- **Data segment**:
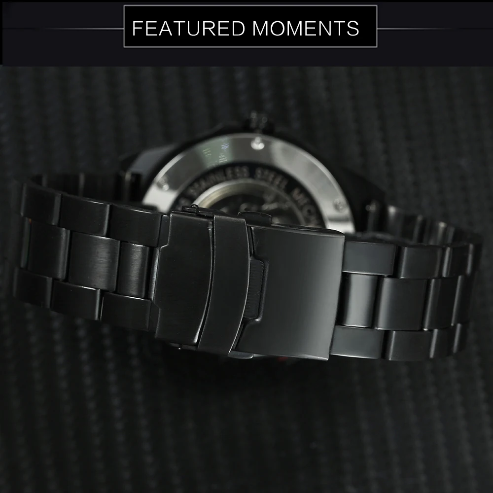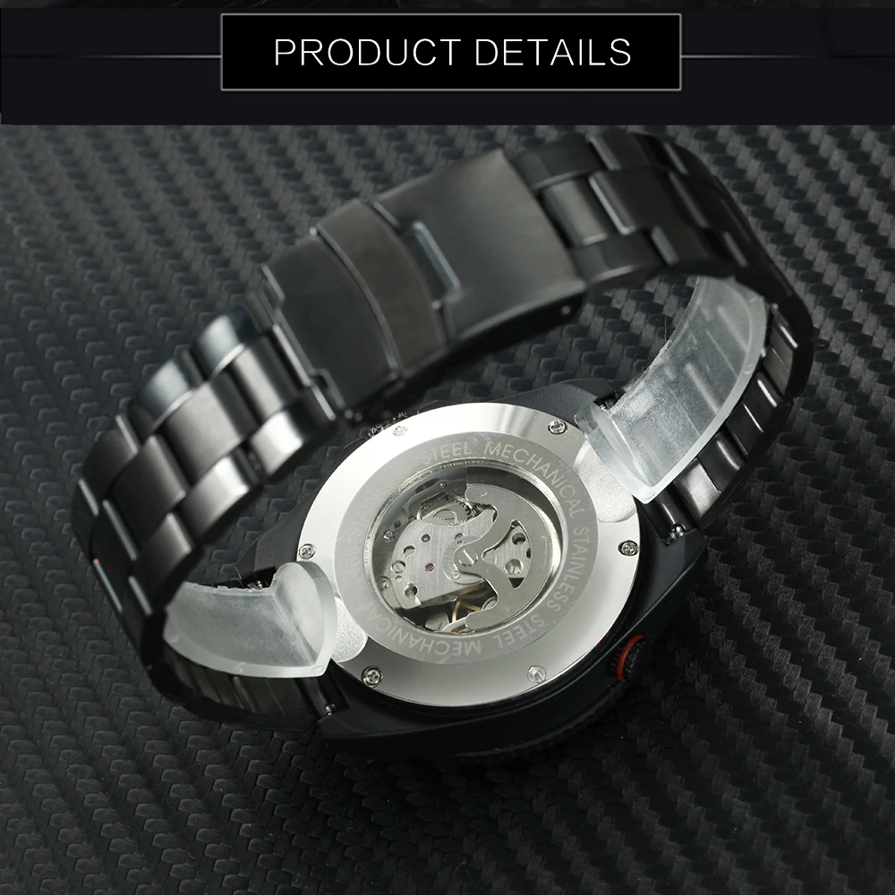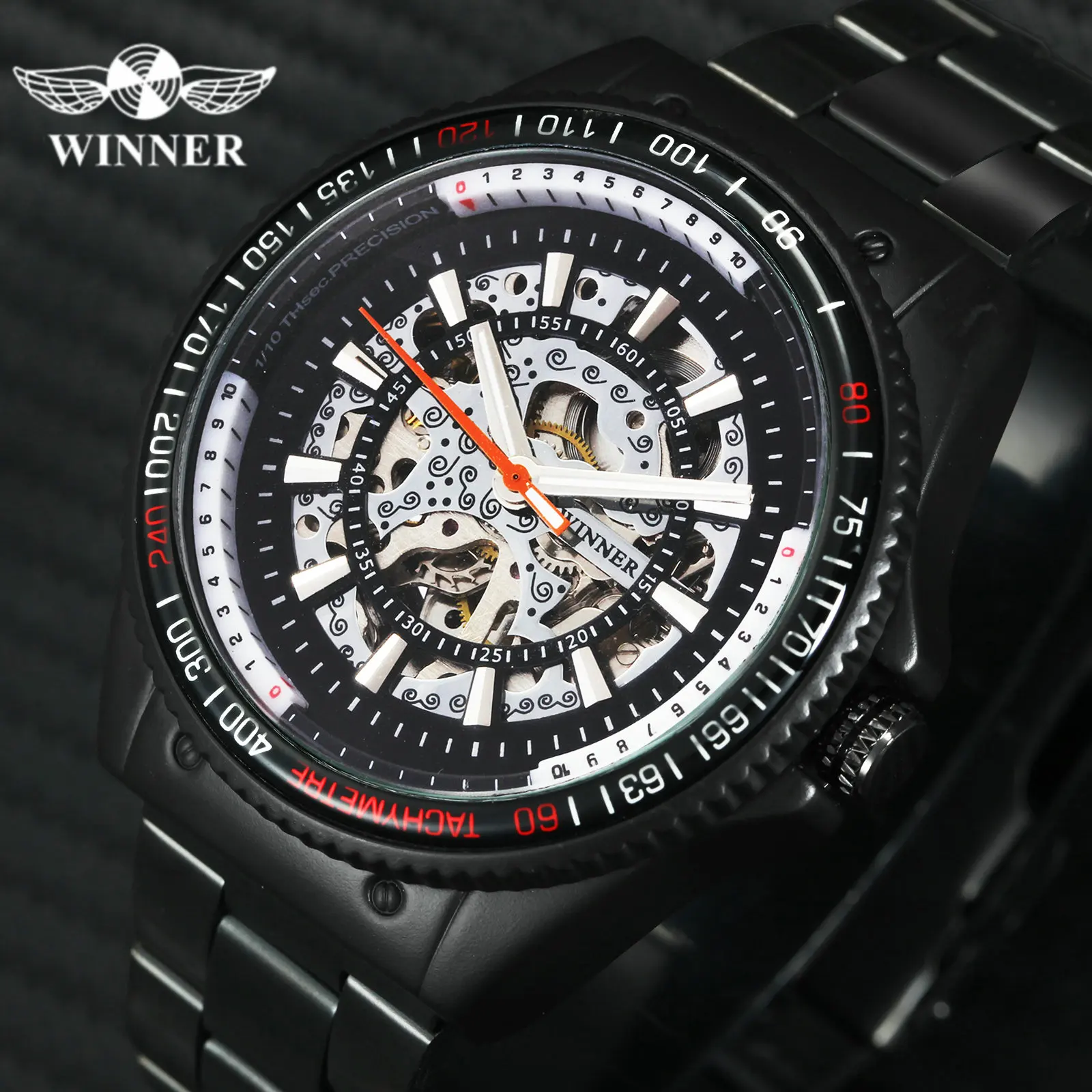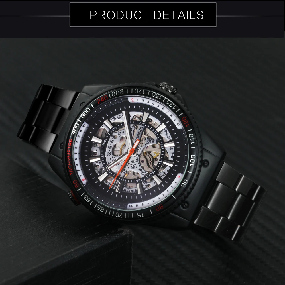 | WINNER Official Chic Military Watch Men Automatic Mechanical Watches Brand Luxury Stainless Steel Strap Skeleton Wristwatches |
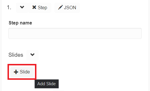 Slides: add a slide to the step. Slides are boxes where media (e.g., photo, video) and text elements can be added to the current step of the story map.
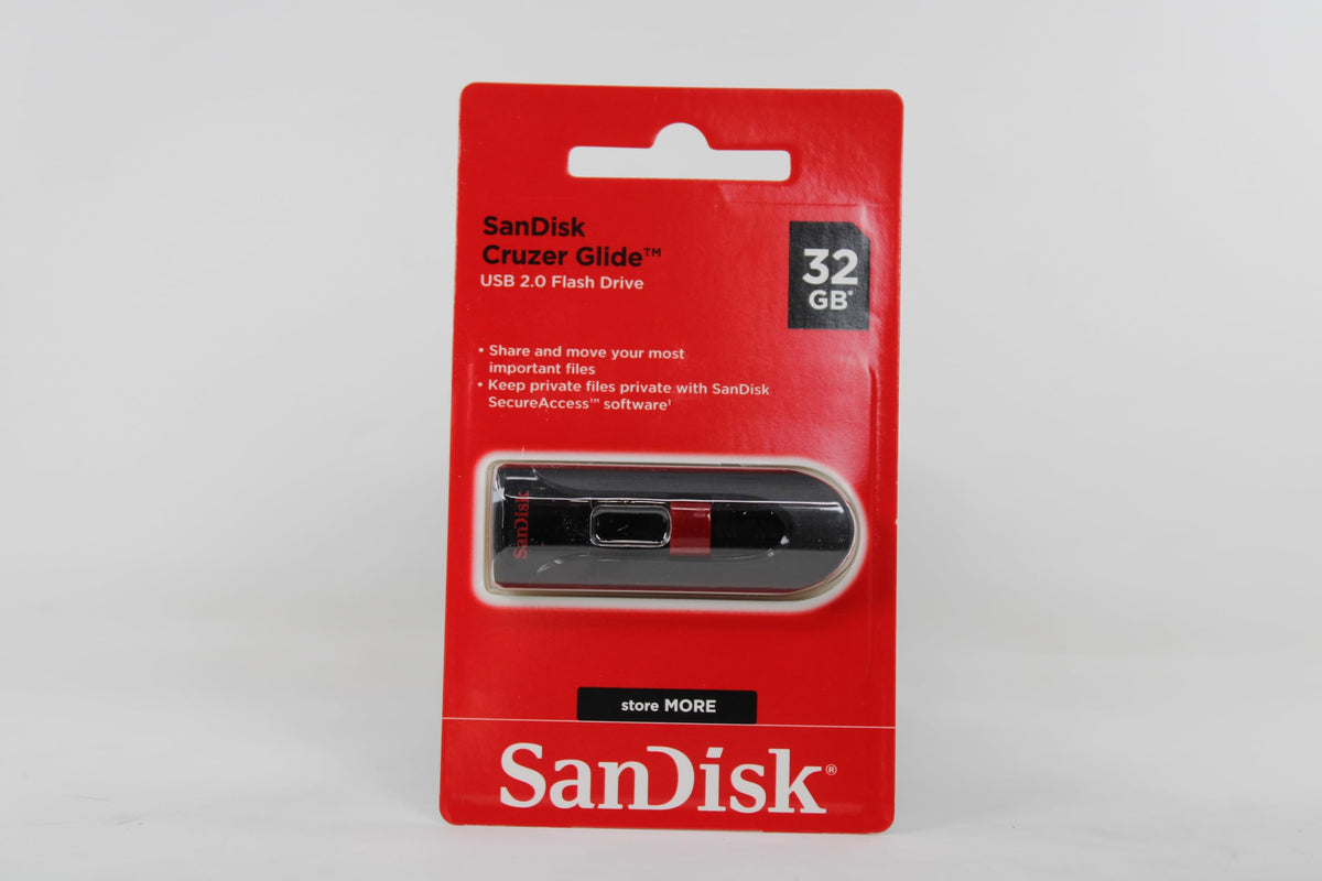 Product Descriptionitem No. 0385881 32 Gb Usb Drive More Information More Information Product Name Sandisk Cruzer Glide Usb 2.0 Flash Drive, 32Gb Package Count 1 Container Type Carded Pk Country Of Manufacture China Prop 65 No Safety Dimensions Dimensions Depth 0.47 Inches Width 4 Inches Height 6 Inches Weight 0.01 Lbfrom The Manufacturerthe Cruder Glide Usb Flash Drive Has A Sleek, Streamlined, Compact Design With A Retracting Connector And Packs Enough Capacity To Carry All Your Favorite Media With You, From Hd Video To Photo Albums To Music Libraries To Large Documents. With Drag And Drop File Loading, It'S Easy To Start Storing, Transporting And Sharing Data Immediately. The Cruder Fit Usb Flash Drive Comes With Sandisk Secure Access, Which Creates A Password-Protected Private Folder On Your Flash Drive. With Your Private Files Protected With 128-Bit Aes Encryption, You'Ll Be Able To Share Your Usb Drive Without Compromising Your Privacy. Durable And Temperature Proof, The Cruder Glide Usb Flash Drive Can Function In A Variety Of Climates. It Can Operate In Temperatures Ranging From -13F (-25C) Hours Or 185F (85C), Which Means You'Ll Be Able To Transfer Files No Matter Where You Are.

- **Work item**:
Leave out the pictures and repeat the lines from the start of the material through the line with "Slides: add a", inclusive.

- **Result of this task**:
 | WINNER Official Chic Military Watch Men Automatic Mechanical Watches Brand Luxury Stainless Steel Strap Skeleton Wristwatches |
 Slides: add a slide to the step. Slides are boxes where media (e.g., photo, video) and text elements can be added to the current step of the story map.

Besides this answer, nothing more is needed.